▶ What the task asks: Required from the data below: the exact lines starting at the line containing "Archie (pokemon), pokemon, 1boy, dark-skinned" and ending at the line containing "Přední street maska", with both ends kept and all pictures dropped.

▶ Record excerpts:

* * * * *

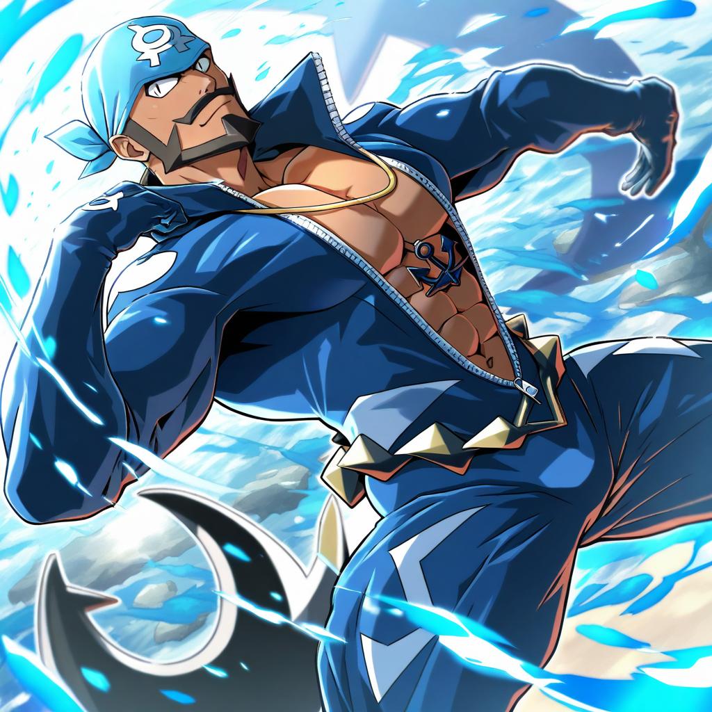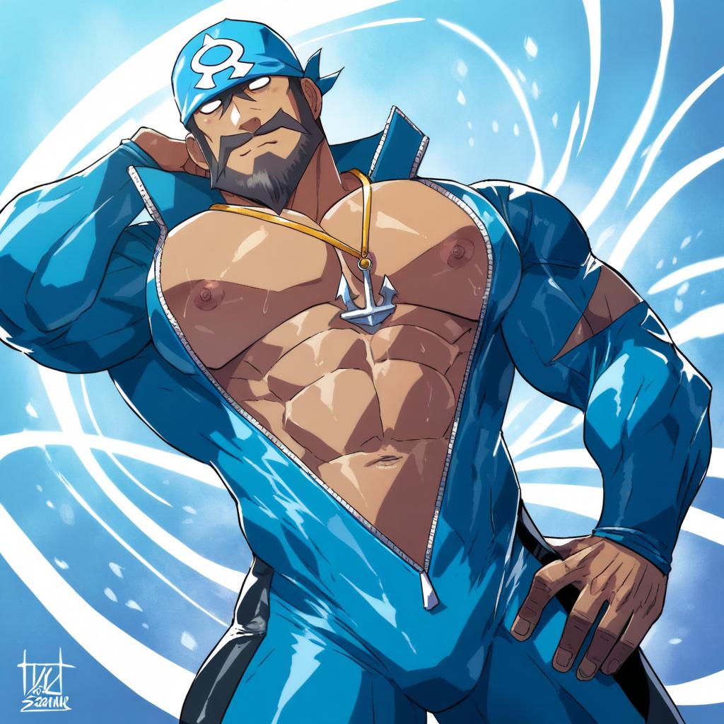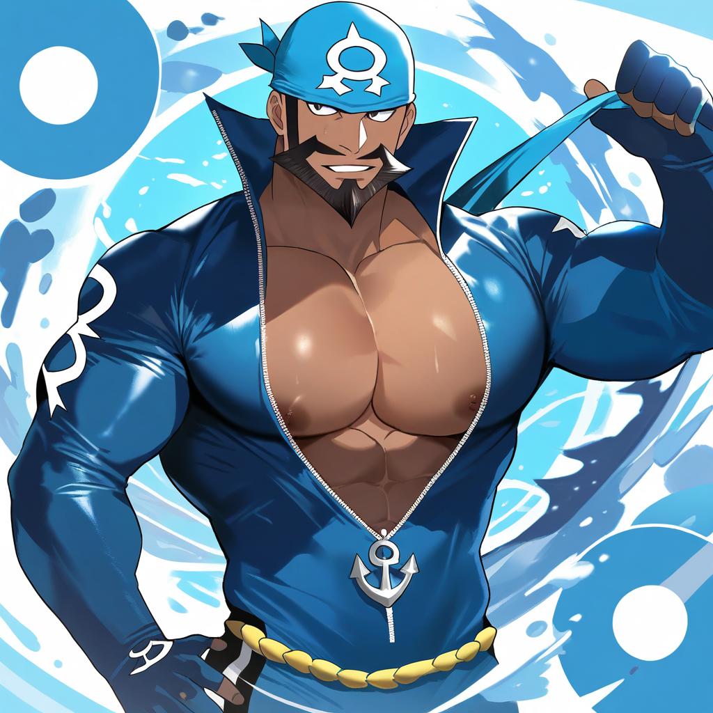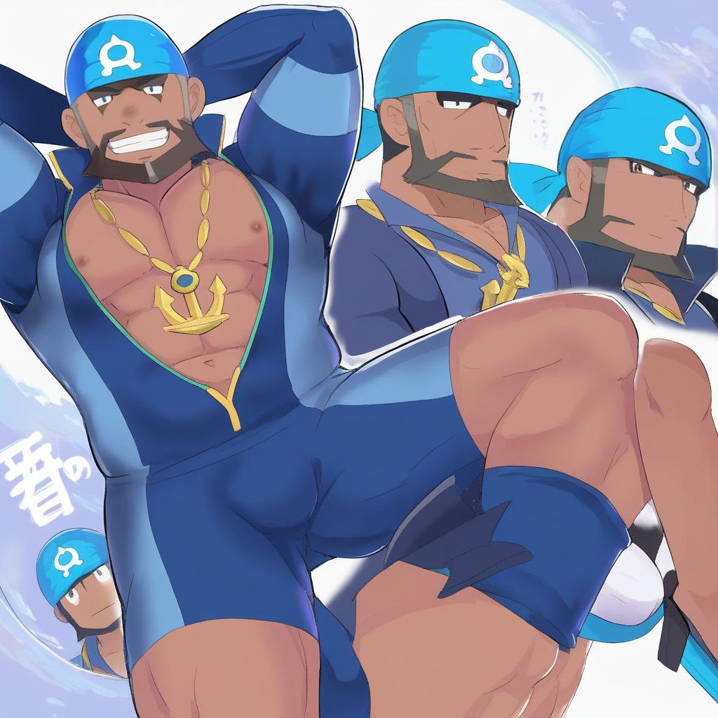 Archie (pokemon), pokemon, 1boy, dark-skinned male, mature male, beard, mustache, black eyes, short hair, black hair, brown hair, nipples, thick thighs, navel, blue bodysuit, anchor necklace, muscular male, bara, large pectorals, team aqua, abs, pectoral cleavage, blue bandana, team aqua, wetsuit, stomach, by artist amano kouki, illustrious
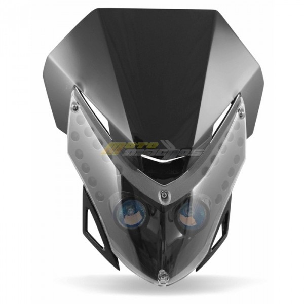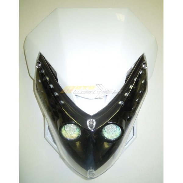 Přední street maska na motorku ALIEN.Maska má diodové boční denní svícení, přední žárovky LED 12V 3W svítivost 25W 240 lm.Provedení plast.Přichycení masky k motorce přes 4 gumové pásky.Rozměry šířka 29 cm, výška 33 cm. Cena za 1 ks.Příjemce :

* * * * *

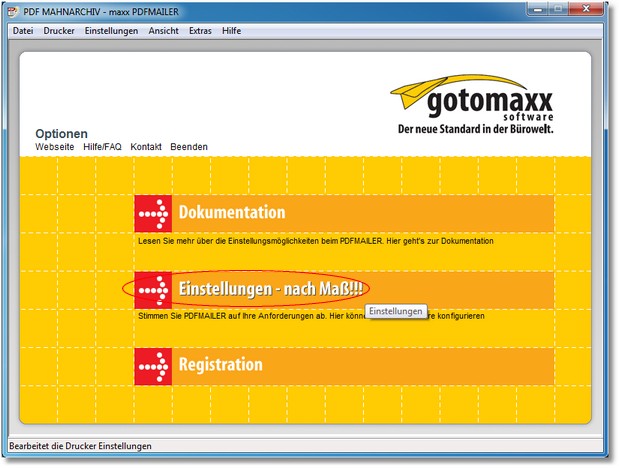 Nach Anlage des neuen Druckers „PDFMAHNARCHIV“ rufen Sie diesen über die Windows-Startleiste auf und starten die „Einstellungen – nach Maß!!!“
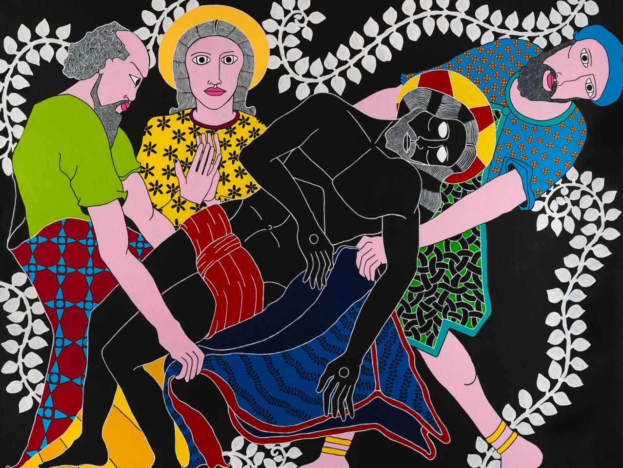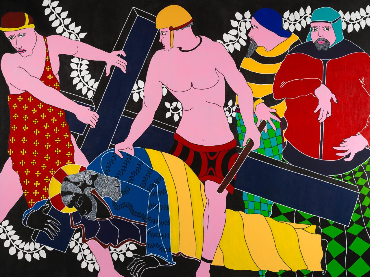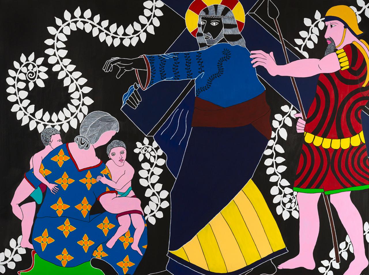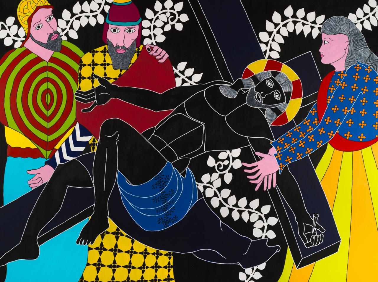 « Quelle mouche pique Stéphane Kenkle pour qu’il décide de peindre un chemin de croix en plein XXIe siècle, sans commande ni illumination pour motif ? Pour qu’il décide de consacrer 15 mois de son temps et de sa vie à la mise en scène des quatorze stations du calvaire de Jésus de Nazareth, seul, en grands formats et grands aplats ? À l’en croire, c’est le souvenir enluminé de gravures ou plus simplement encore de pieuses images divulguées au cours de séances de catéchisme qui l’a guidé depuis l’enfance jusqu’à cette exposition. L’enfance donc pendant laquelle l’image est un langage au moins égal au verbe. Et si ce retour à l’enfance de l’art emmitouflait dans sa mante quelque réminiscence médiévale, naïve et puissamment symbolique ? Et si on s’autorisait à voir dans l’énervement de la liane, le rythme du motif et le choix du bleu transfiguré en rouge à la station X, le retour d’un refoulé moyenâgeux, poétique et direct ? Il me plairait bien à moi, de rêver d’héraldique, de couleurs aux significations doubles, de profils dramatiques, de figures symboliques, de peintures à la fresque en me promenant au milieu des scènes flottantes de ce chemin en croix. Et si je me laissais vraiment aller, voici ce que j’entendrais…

* * * * *

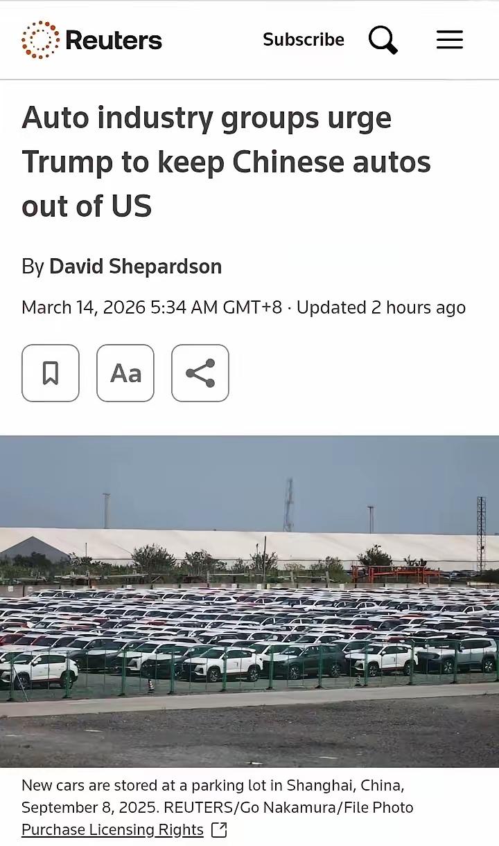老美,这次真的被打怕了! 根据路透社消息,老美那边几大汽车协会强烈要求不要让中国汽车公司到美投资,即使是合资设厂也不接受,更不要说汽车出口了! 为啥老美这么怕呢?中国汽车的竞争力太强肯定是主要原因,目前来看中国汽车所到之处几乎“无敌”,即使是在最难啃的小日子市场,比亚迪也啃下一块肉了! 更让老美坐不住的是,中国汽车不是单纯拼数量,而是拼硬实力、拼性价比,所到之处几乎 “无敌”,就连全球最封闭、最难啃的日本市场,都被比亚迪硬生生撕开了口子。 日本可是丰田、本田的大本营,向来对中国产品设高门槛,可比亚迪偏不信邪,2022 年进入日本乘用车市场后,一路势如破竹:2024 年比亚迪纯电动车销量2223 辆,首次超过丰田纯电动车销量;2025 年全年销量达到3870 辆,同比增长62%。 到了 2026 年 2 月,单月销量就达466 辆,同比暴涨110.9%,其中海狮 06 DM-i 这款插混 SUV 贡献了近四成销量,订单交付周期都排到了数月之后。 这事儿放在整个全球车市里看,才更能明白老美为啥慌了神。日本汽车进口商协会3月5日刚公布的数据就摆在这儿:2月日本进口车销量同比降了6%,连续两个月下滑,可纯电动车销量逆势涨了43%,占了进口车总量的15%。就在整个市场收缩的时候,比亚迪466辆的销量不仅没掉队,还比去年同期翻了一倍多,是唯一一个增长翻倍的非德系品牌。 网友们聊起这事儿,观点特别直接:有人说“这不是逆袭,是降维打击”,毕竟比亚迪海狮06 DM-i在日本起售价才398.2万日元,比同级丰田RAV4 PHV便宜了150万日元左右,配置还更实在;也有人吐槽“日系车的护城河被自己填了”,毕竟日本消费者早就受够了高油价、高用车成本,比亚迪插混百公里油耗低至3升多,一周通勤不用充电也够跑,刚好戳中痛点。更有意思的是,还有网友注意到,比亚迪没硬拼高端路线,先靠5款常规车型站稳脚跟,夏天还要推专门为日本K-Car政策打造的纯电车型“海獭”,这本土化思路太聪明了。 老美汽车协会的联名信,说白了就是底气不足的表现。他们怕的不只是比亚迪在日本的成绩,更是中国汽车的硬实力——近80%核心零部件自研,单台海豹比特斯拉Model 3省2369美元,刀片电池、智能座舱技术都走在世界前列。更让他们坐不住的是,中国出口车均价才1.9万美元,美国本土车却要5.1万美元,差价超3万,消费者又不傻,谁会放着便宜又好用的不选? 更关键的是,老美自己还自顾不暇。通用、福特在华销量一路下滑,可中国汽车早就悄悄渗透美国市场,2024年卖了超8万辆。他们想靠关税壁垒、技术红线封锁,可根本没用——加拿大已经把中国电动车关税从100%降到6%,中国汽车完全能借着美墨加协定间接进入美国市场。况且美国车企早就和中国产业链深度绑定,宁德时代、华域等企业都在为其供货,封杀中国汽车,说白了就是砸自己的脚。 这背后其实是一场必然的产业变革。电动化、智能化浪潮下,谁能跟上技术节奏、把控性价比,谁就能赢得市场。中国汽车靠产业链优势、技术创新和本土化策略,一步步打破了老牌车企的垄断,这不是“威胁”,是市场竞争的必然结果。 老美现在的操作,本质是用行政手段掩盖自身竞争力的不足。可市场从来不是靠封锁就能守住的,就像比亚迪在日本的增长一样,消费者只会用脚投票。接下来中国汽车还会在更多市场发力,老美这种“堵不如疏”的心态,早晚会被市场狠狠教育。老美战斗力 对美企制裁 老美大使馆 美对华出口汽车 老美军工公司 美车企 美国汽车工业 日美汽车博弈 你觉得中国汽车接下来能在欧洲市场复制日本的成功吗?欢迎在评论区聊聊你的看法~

* * * * *

▶ Solved problem:
 Archie (pokemon), pokemon, 1boy, dark-skinned male, mature male, beard, mustache, black eyes, short hair, black hair, brown hair, nipples, thick thighs, navel, blue bodysuit, anchor necklace, muscular male, bara, large pectorals, team aqua, abs, pectoral cleavage, blue bandana, team aqua, wetsuit, stomach, by artist amano kouki, illustrious
 Přední street maska na motorku ALIEN.Maska má diodové boční denní svícení, přední žárovky LED 12V 3W svítivost 25W 240 lm.Provedení plast.Přichycení masky k motorce přes 4 gumové pásky.Rozměry šířka 29 cm, výška 33 cm. Cena za 1 ks.Příjemce :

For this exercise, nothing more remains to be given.